§ HOW TO COMPLETE THIS TASK
Copy the data that follows, character for character, minus the pictures.

§ RECORD SET
::::

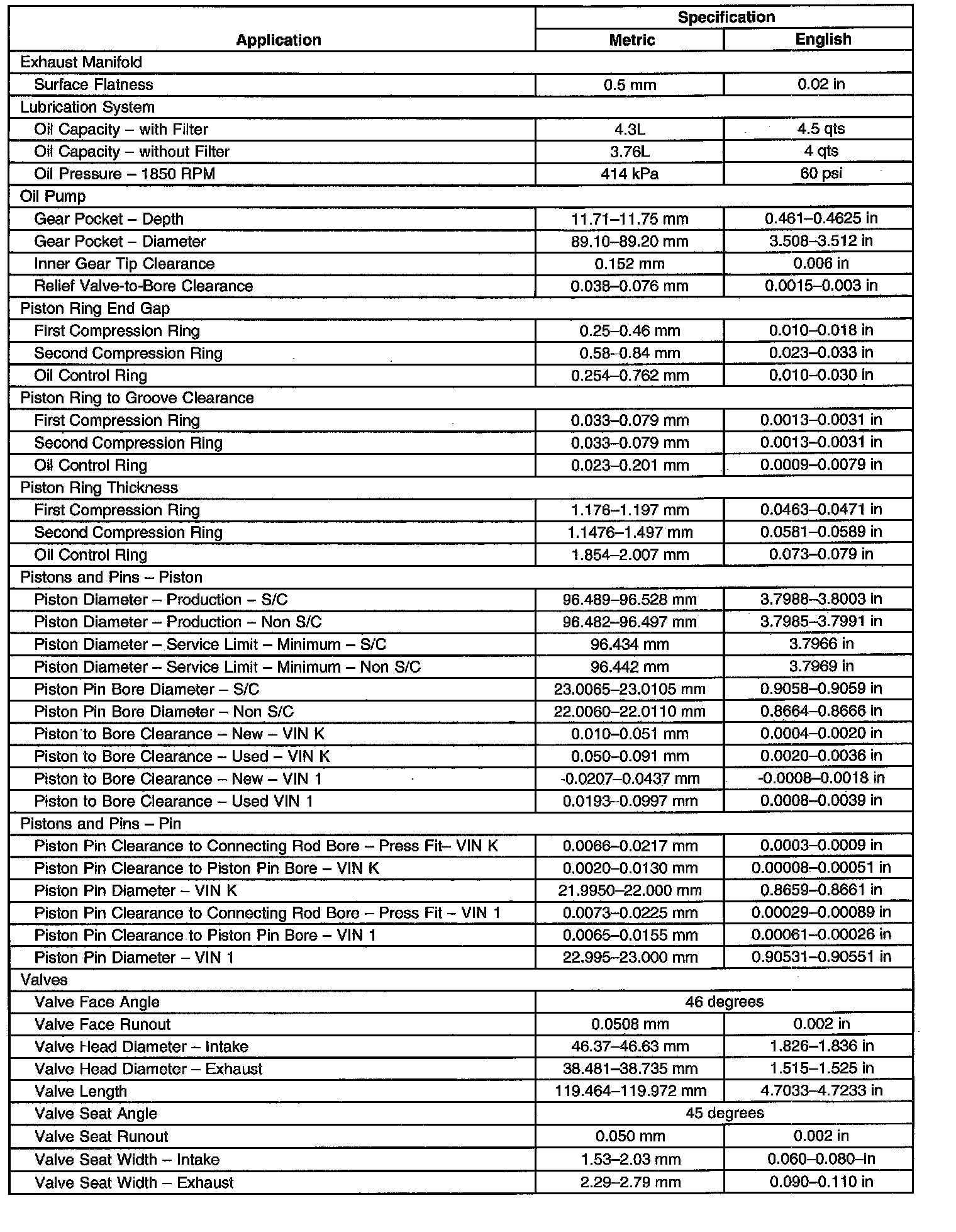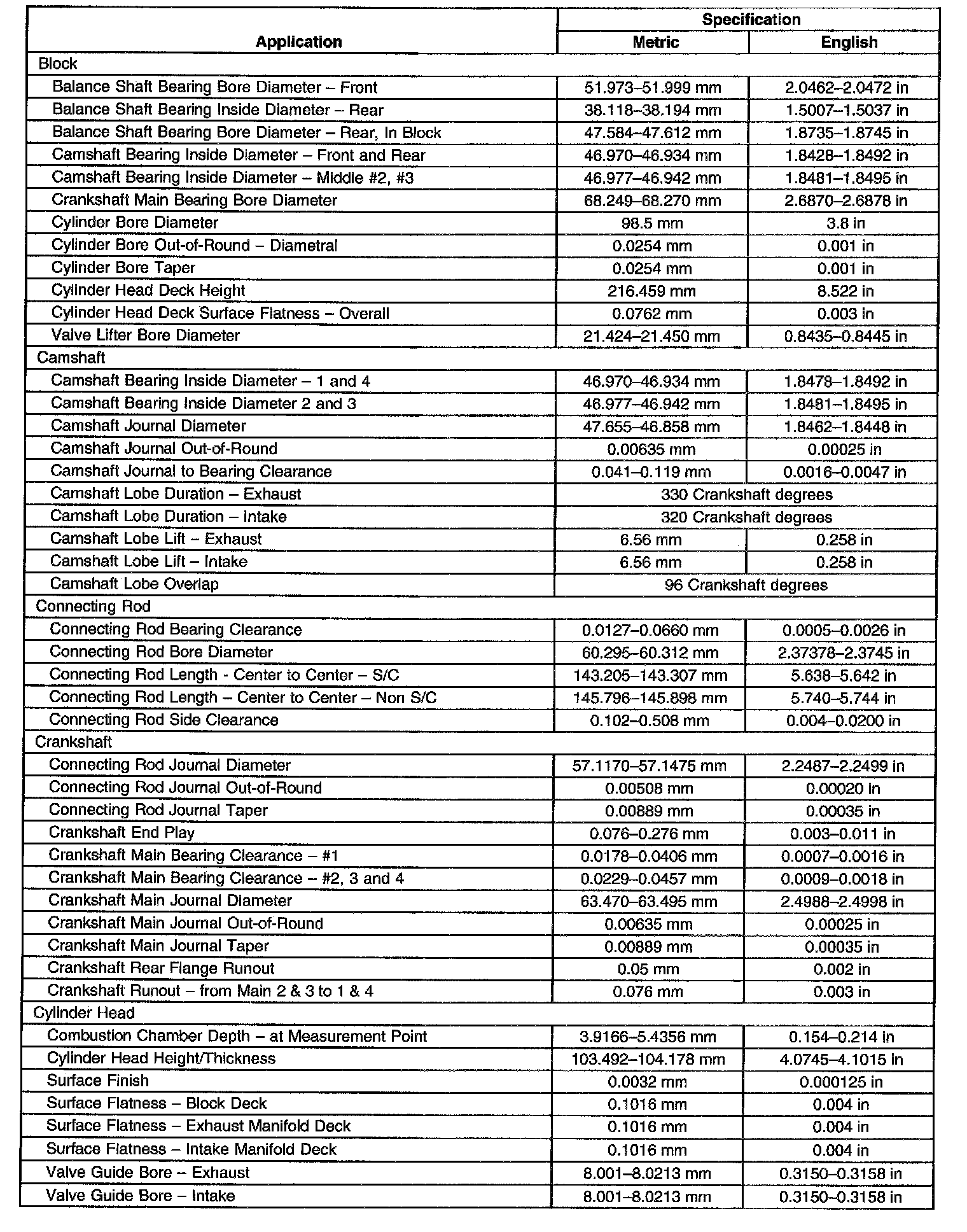 Engine Mechanical Specifications
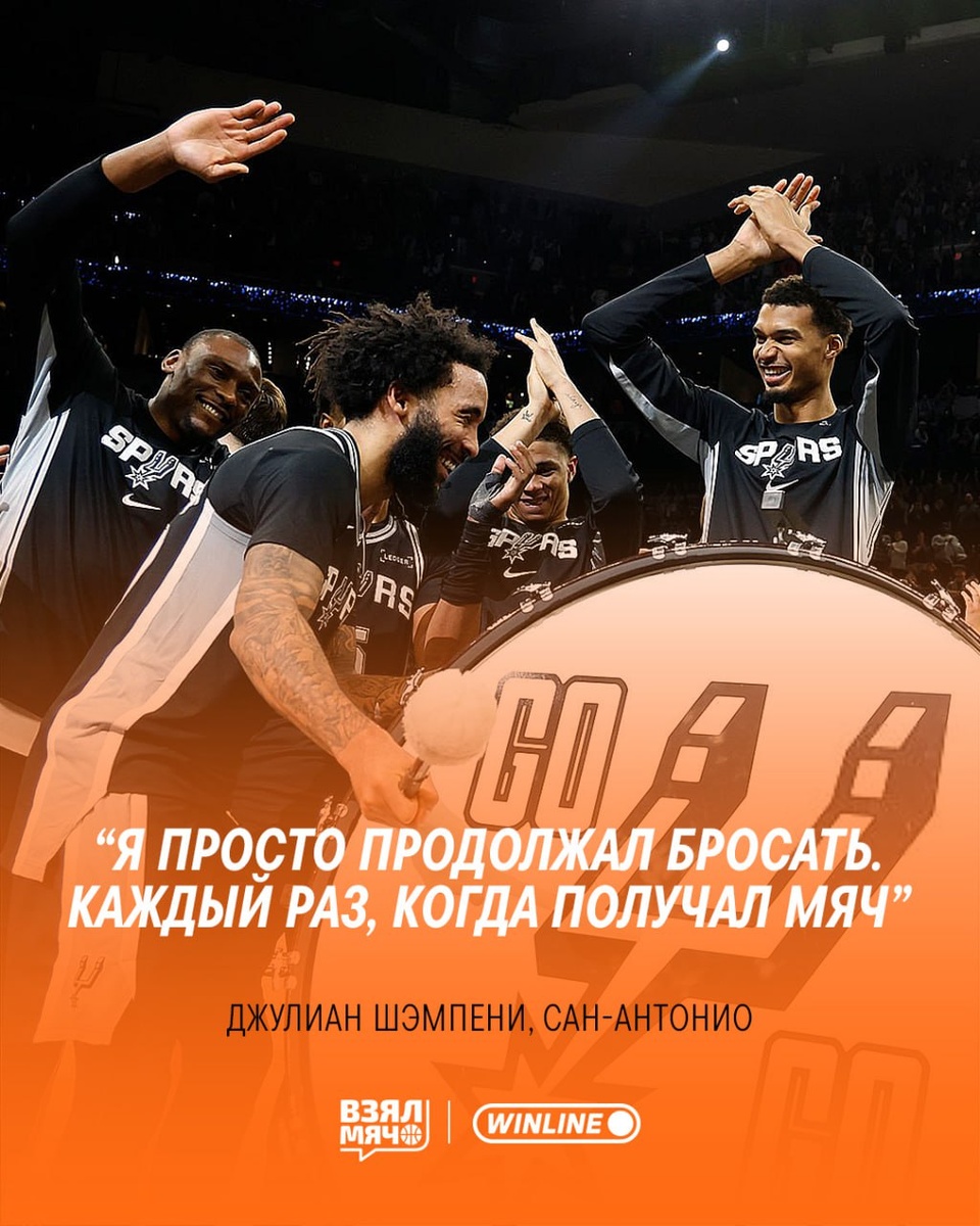 «Сан-Антонио» вытащил сумасшедший матч против «Нью-Йорка» (134:132), а главным героем стал Джулиан Шэмпени. 🔸 11 трёхочковых — клубный рекорд «Спёрс» 🔸 36 очков — лучший матч в карьере 🗣 «Я просто продолжал бросать. Каждый раз, когда получал мяч — бросал. Расслабился. Получил — бросай, не получил — играй в защите. Когда я приехал из Филадельфии, не знал, что будет дальше. Шансов закрепиться было немного, дорога была долгой. Но я всё ещё здесь — значит, пора показывать результат. Тяжёлые отрезки бывают у всех снайперов, но партнёры и тренеры верят в меня — и это даёт уверенность». У «Спёрс» каждый игрок может вытаскивать матчи? 👀 🏀 ПОДПИШИСЬ — ЗДЕСЬ ЖИВЁТ БАСКЕТБОЛ!
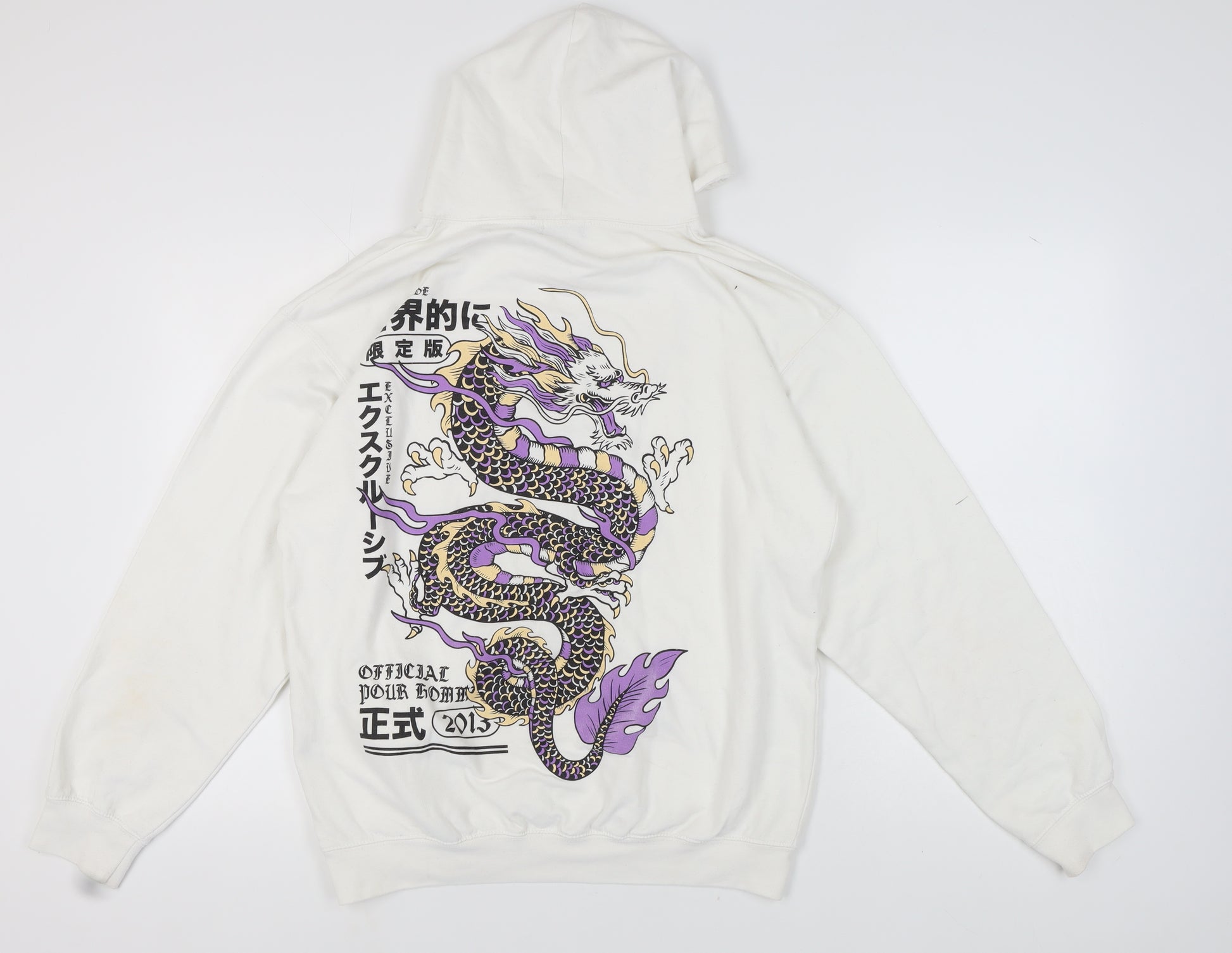 Elevate your casual wardrobe with this distinct bohooMAN Men’s Hoodie in a classic white hue. Crafted with an engaging dragon graphic print, it offers an edgy flair while ensuring you stay comfortably fashionable. Appropriate for various seasons—autumn, spring, and winter—this hoodie is crafted in a pullover style with a practical crew neck design. Made predominantly from 80% cotton and complemented by 20% polyester, this piece promises a soft touch along with durability. The hoodie style features a handy front pocket and hooded design for extra warmth, making it a versatile piece for a laid-back day out or a stylish stay-in outfit. Designed for regular fit in a medium size, it comes with long sleeves that add an extra layer of warmth. Machine washable for easy garment care, it maintains convenience without compromising on style. In excellent condition with slight use—no signs of wear evident apart from the absence of original sales tags—this hoodie could be a fantastic choice for those seeking comfort blended with expressive style. It’s priced at £22.75, presenting a great opportunity for addition to your wardrobe.
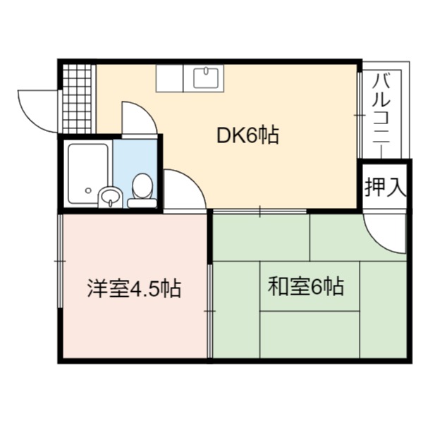 | 間取り詳細 | DK 6畳 、 洋室 6畳 、 和室 4.5畳 |
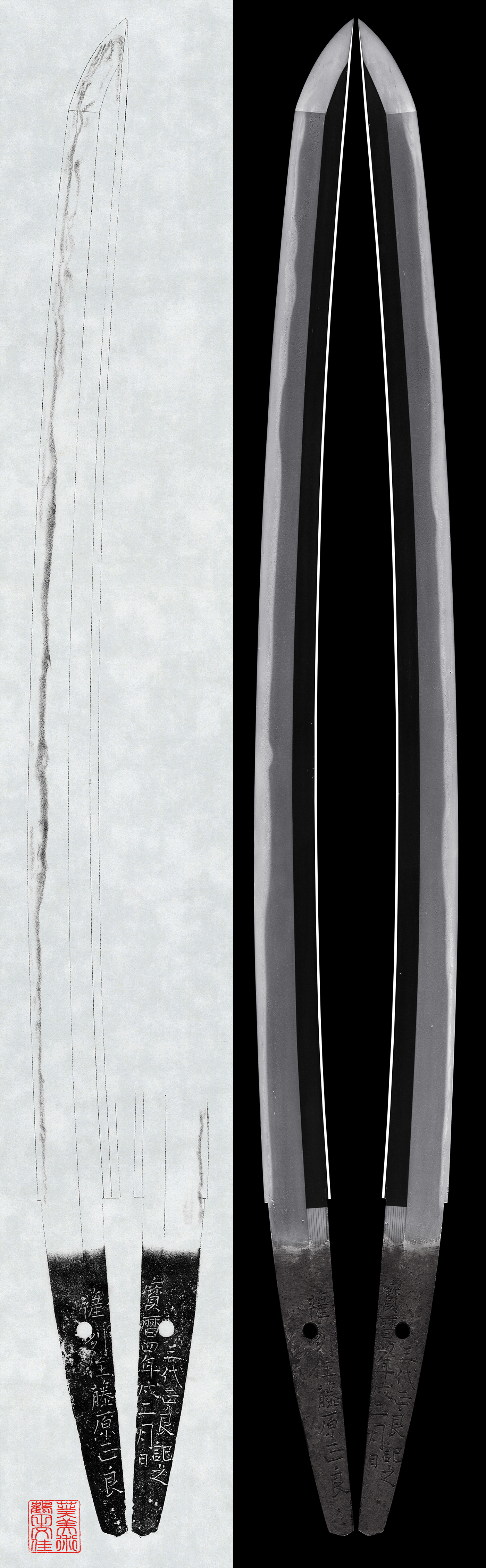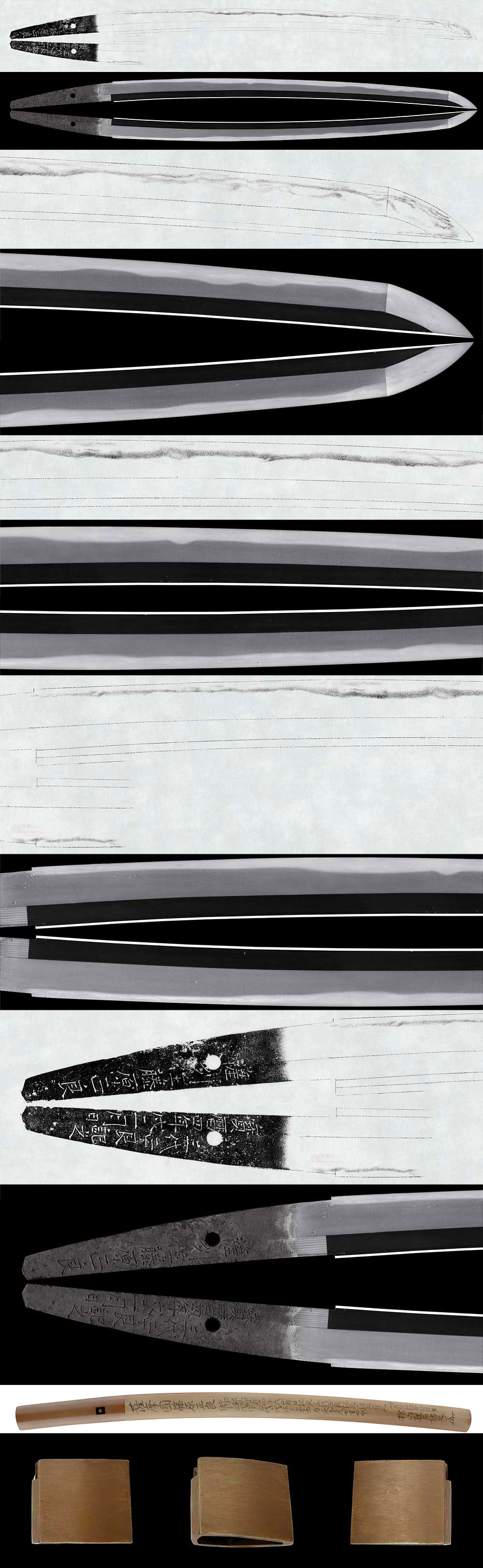 Sasshu Ju Fujiwara Masayoshi 3rd was a son of 2nd Masayoshi. He was a swordsmith of Satsuma province, present Kagoshima prefecture,and followed Miyahara Masachika school. He changed his name to 'Hoki no kami Ason Masayuki' in Kansei 1st (1789). He was well known as 'Masayuki' and worked actively Kansei era.Masayoshi' was his first signature and this work was made when he was only 22 years. It was a fantastic work approved Tokubetsu Hozon. There are one-pin-hole in the middle of the blade, and more or less rusty part in the nakago. Regardless of those faults, we strongly recommend it as his earliest excellent work.

::::

§ RESULT
 Engine Mechanical Specifications
 «Сан-Антонио» вытащил сумасшедший матч против «Нью-Йорка» (134:132), а главным героем стал Джулиан Шэмпени. 🔸 11 трёхочковых — клубный рекорд «Спёрс» 🔸 36 очков — лучший матч в карьере 🗣 «Я просто продолжал бросать. Каждый раз, когда получал мяч — бросал. Расслабился. Получил — бросай, не получил — играй в защите. Когда я приехал из Филадельфии, не знал, что будет дальше. Шансов закрепиться было немного, дорога была долгой. Но я всё ещё здесь — значит, пора показывать результат. Тяжёлые отрезки бывают у всех снайперов, но партнёры и тренеры верят в меня — и это даёт уверенность». У «Спёрс» каждый игрок может вытаскивать матчи? 👀 🏀 ПОДПИШИСЬ — ЗДЕСЬ ЖИВЁТ БАСКЕТБОЛ!
 Elevate your casual wardrobe with this distinct bohooMAN Men’s Hoodie in a classic white hue. Crafted with an engaging dragon graphic print, it offers an edgy flair while ensuring you stay comfortably fashionable. Appropriate for various seasons—autumn, spring, and winter—this hoodie is crafted in a pullover style with a practical crew neck design. Made predominantly from 80% cotton and complemented by 20% polyester, this piece promises a soft touch along with durability. The hoodie style features a handy front pocket and hooded design for extra warmth, making it a versatile piece for a laid-back day out or a stylish stay-in outfit. Designed for regular fit in a medium size, it comes with long sleeves that add an extra layer of warmth. Machine washable for easy garment care, it maintains convenience without compromising on style. In excellent condition with slight use—no signs of wear evident apart from the absence of original sales tags—this hoodie could be a fantastic choice for those seeking comfort blended with expressive style. It’s priced at £22.75, presenting a great opportunity for addition to your wardrobe.
 | 間取り詳細 | DK 6畳 、 洋室 6畳 、 和室 4.5畳 |
 Sasshu Ju Fujiwara Masayoshi 3rd was a son of 2nd Masayoshi. He was a swordsmith of Satsuma province, present Kagoshima prefecture,and followed Miyahara Masachika school. He changed his name to 'Hoki no kami Ason Masayuki' in Kansei 1st (1789). He was well known as 'Masayuki' and worked actively Kansei era.Masayoshi' was his first signature and this work was made when he was only 22 years. It was a fantastic work approved Tokubetsu Hozon. There are one-pin-hole in the middle of the blade, and more or less rusty part in the nakago. Regardless of those faults, we strongly recommend it as his earliest excellent work.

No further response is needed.